Sunday, December 18, 2005

Concerned Ancient Roman Traditionalists Insist: "Put the Saturn Back in Saturnalia"

The Christmas culture wars are beginning to become silly. Since I satirized the secular progressives last time with the "ban on snow angels" piece, I'll satirize the other side this time. The following satire was first published on December 17, 2004, but I think it's still timely. And before anyone criticizes my version of ancient Roman society and religion, I remind you: this article is just a JOKE on current popular culture. I've taken liberties. So sue me.


CAPITOLINE, ROME -- (CNN -- Centurion News Network) -- Different Roman groups are at odds over how to celebrate Saturnalia.

Green garlands abound on the doorways of homes and buildings. Banquets and invitations are in the air. A festive atmosphere has settled all over Rome as citizens greet each other with calls of "Io, Saturnalia!" But as the city heads into the December holiday season -- with December 17 as the starting date for Saturnalia celebrations -- it is becoming apparent that not every Roman sees this day with the same perspective.

While holiday shoppers throng Trajan's Market, the up-scale Forum Shops, and other mercantile meccas in the metroplex, groups of Roman traditionalists are voicing their concern over what they perceive is the over-commercialization and rampant consumerism of the holiday.

CNN interviewed one such group, Saturnalian Celebrants Reminding Others of Olden Golden Ethics (S.C.R.O.O.G.E.), as it gathered peacefully at the city's largest Temple of Saturn, in the heart of the downtown district. Instead of wearing festive garments, members of S.C.R.O.O.G.E. wore somber colors as they distributed pamphlets entitled "Placate the Gods, Impious Citizen!" or "The Real Meaning of Saturnalia."

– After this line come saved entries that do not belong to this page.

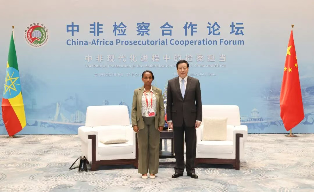 应勇与埃塞俄比亚总检察长汉娜·塞拉西进行会见。
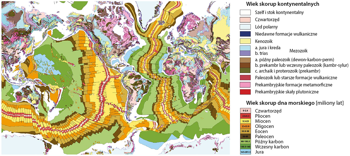 Ryc. 5. Po lewej, zdigitalizowana geologiczna mapa świata (Komisja Geologicznej Mapy Świata i UNESCO, 1990). Po prawej, geologiczna oś czasu przedstawiająca wiek skorup kontynentalnych i dna oceanicznego przedstawionych na rycinie po lewej. Wiek skorup dna morskiego podany jest w milionach lat. (Maxlow, 2018)
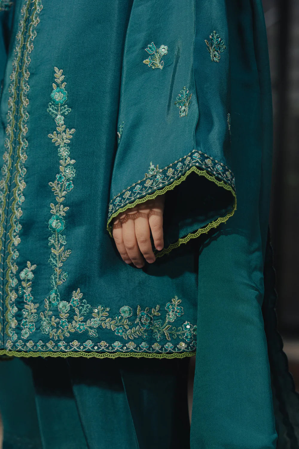 Modern silhouettes meet intricate detailing in this zinc three-piece, styled with an embroidered short shirt, tapered shalwar, and scalloped dupatta.
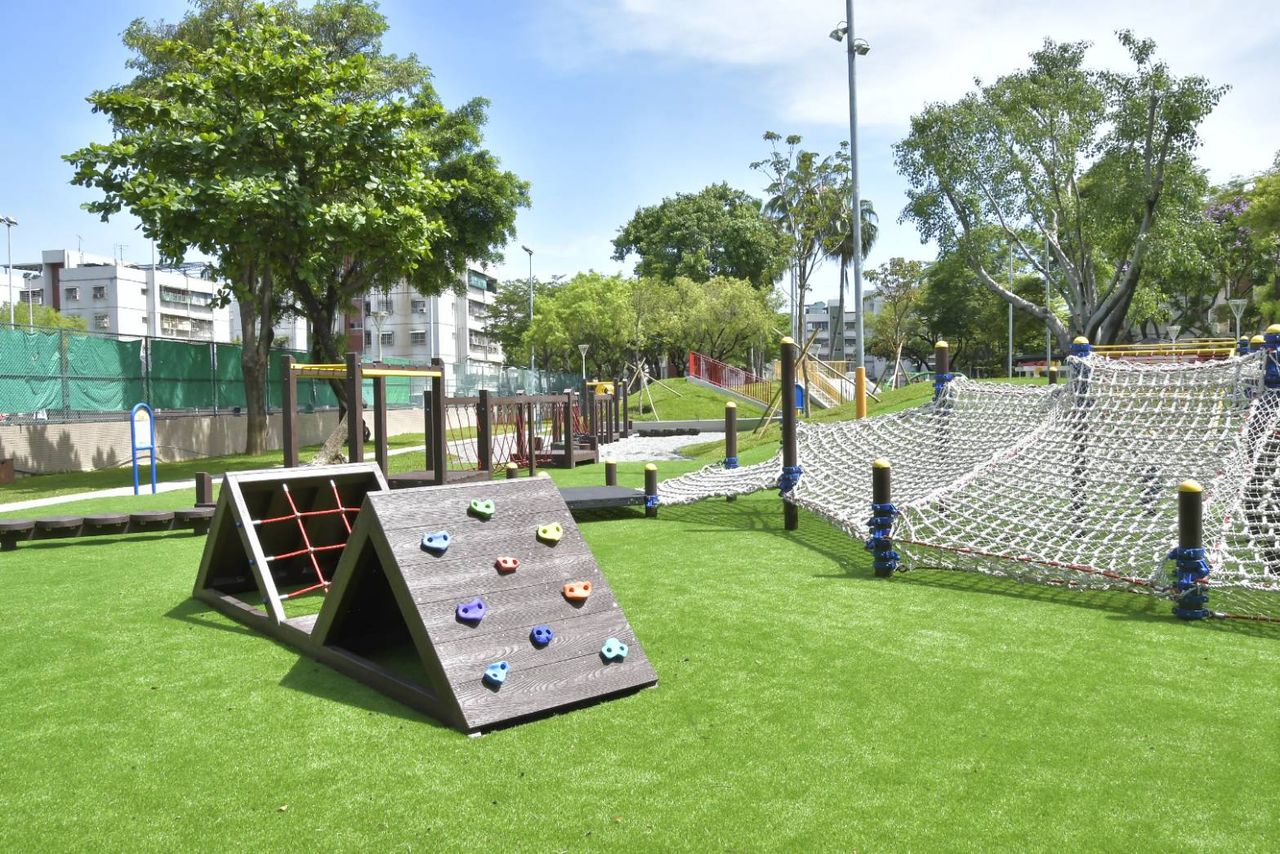 ▲公園內設施須遵守「兒童遊戲場設施安全管理規範」,圖為前鎮區第70期籬仔內公園。(圖/高雄市政府)

S.C.R.O.O.G.E. leader Virginia Vestal explained. "In the holiday rush of shopping, parties, presents, orgies, and fancy clothes, Romans have forgotten about the gods entirely. Look across the street there -- the Trajan's Market mall is packed out. But who's here at the Temple of Saturn? Almost nobody."

When CNN asked Vestal what she made of recent accusations that S.C.R.O.O.G.E. was a killjoy, she denied that that was the goal of the organization. "We're not moral or religious watchdogs. We're only concerned citizens. We only want to remind our fellow Romans of our shared traditions. Please, don't forget our proud and ancient heritage. Let's put the Saturn back in Saturnalia and remember the real reason for the season."

In recent days, S.C.R.O.O.G.E. has placed full-page ads in the Acta Diurna and other city papers reading "It's Just Not _____________alia Without Saturn."

The group has drawn criticism from some merchants' associations. CNN also spoke with Festus Falstaff, spokesman for the Efficacious Merchants Preparing for Terrifically Overwhelming Revenue (E.M.P.T.O.R.).

"A little caveat, please," said Festus. "We merchants are simply going about our business trying to make a denarius or two like good businesspeople. S.C.R.O.O.G.E. is bad for business. Plus, hello, have they ever heard of the separation of temple and empire? They better watch it before their name becomes a watchword for holiday gloom.

"Let me tell you, gloom is bad for the economy. All good and patriotic Romans should go out and shop to strengthen our economy! Here, come on in and check out E.M.P.T.O.R.'s bargains -- buy 1 toga, get 1 half off!"

Saturnalia lasts from December 17-23.


Anonymous J.Doe said...

Don't tell the ACLU about another religious holiday in December.They'll self destruct.